The frontline health workers have often bemoaned neglect by the government and, with over 1 000 having contracted Covid-19, some health staff are reluctant to report for duty. Political analyst Ibbo Mandaza said the country is on autopilot.

“This is a serious indictment on government, there is no one thinking seriously about this pandemic. We are on autopilot and it is terrible. There is serious lack of leadership,” Mandaza said.

He said the government lacks a coherent plan on how to deal with the virus.

“There appears to be no coherent plan and lockdown is the only plan they have,” Mandaza said.

Mandaza pointed out the lack of a vaccination programme to deal with further waves of the virus, adding that the lockdown had been highly militarised with the security forces on the forefront of enforcement.

Another political analyst Stephen Chan said Zimbabwean ministers, who in the past could get treatment abroad, were stuck in a non-functional health system.

Chan said it was an indictment on government and its failure to invest in the health delivery system, which has proven to be a critical sector in desperate times.

“Those who contract Covid-19 cannot, of course, travel. So, ministers who are infected cannot fly off to some expensive far-off hospital in another country. For once, everyone is in the same boat. Lack of medical facilities for ordinary people means lack of medical facilities for ministers too,” Chan said.
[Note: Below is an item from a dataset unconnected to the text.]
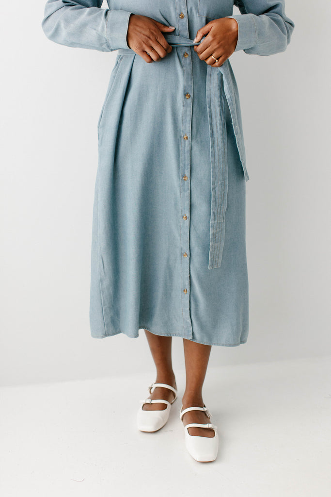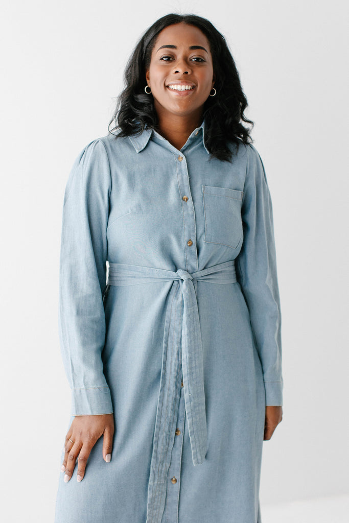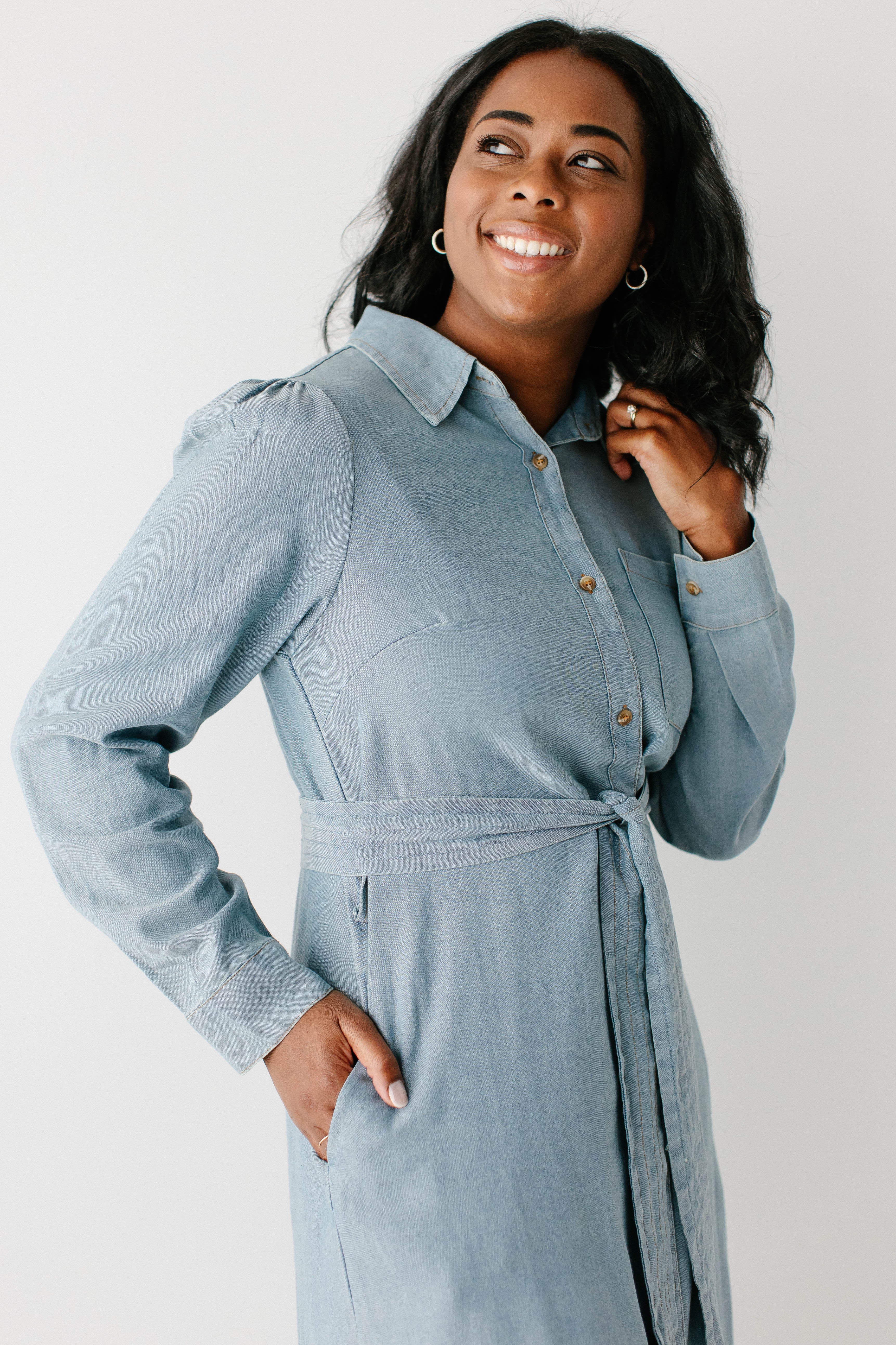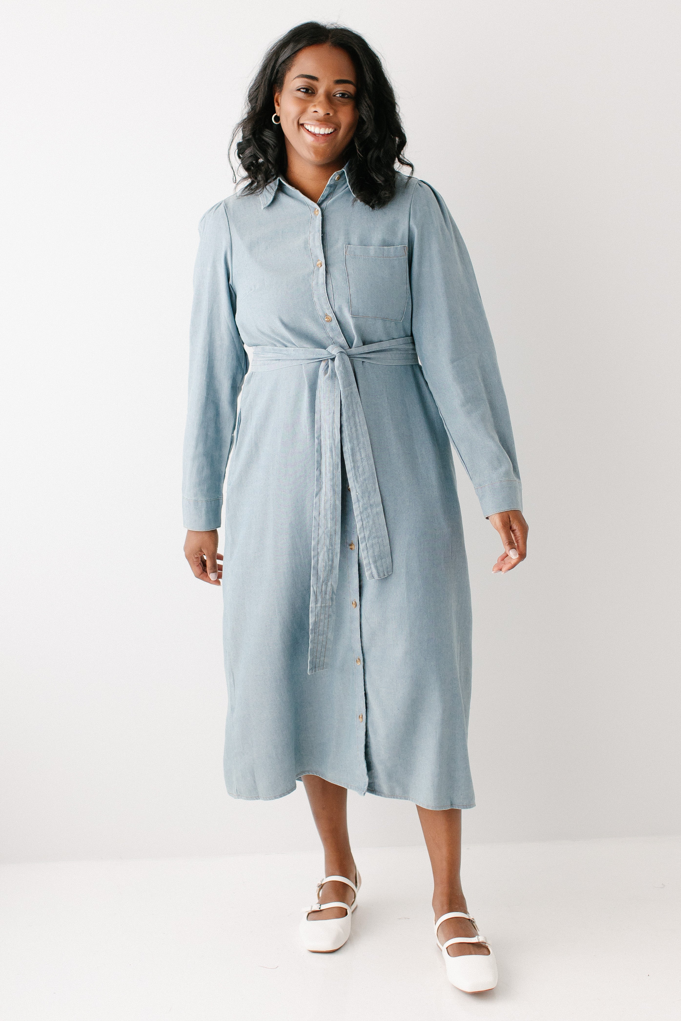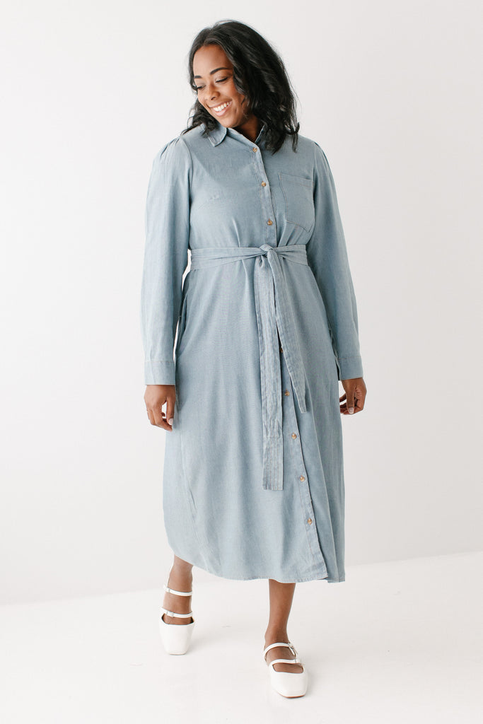 With the look of real denim but in the comfort of soft chambray fabric, introducing the 'Misti' Chambray Button Down Shirtdress! This dress has functional buttons the entire way down, a removable matching belt, long sleeves, and all in a soft light wash shade. The ‘Misti’ will keep you stylish in this season and the next! Style it with a cozy jacket and leather bag, or leave it as is.

As part of scrutiny on government failure to set up a contingency plan for Covid-19, The NewsHawks established last week that the country did not have a vaccination programme with clear timelines or a budget.

A senior health official told the publication that the government had not yet formally written to the World Health Organisation requesting to receive vaccines under the international Covax facility.

The government had also shown a lethargic approach in applying for the Chinese vaccine. This follows reports that a country like South Africa is already expecting the delivery of 1.5 million doses from the Serum Institute of India to kick-start phase one of its vaccination programme.

While other countries are secretly clinching bilateral deals with other nations or manufacturers producing the life-saving jabs, Zimbabwe remains on the margins with no clue as to where the country will get the vaccines.

“So, in almost every single respect, the government has no strategy because it cannot afford any strategy,” Chan said.

“Both the Russians and the Chinese have recently offered to provide vaccines to Zimbabwe, but without a timeline, and at a cost. All the vaccines now becoming available were incredibly expensive to develop and to manufacture. It is impossible to give them away for nothing.

“Zimbabwe has no money and no hard plans to acquire the vaccines. It is not yet certain when the African Union vaccine plan will be activated in a huge number of countries, including Zimbabwe,” Chan said.